From the data underneath, reproduce exactly the stretch that begins at the line with "3) Schlatt-Leimensteig AI 2009" and ends after the line with "रुफस ट्री पाई".

▶ **Supplied data**
--
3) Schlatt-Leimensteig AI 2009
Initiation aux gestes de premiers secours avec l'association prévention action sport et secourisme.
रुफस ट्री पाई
--
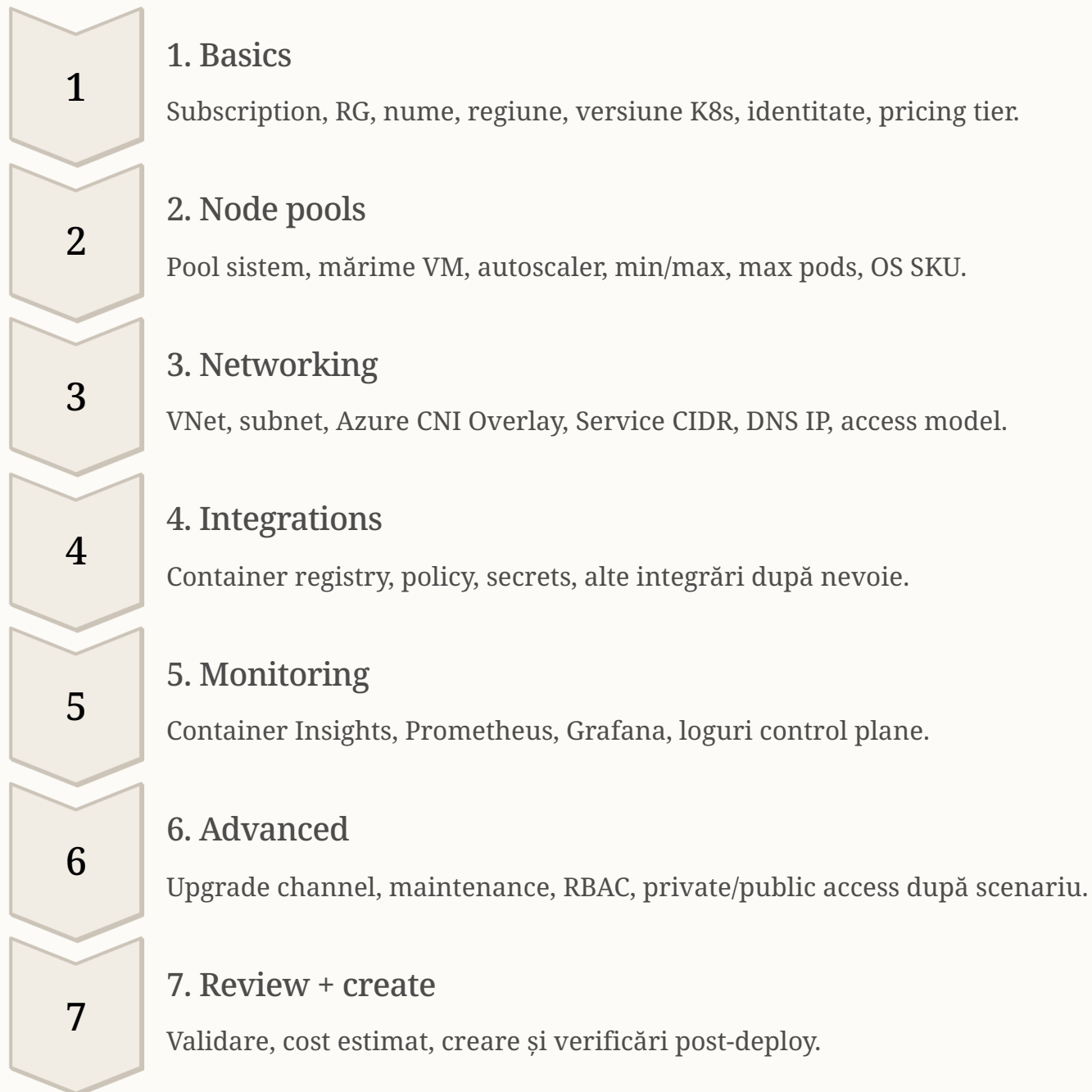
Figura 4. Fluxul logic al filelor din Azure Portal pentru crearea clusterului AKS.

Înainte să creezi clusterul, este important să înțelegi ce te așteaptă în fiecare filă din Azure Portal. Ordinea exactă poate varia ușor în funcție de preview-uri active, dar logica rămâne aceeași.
--
▶ **Answer below**
3) Schlatt-Leimensteig AI 2009
Initiation aux gestes de premiers secours avec l'association prévention action sport et secourisme.
रुफस ट्री पाई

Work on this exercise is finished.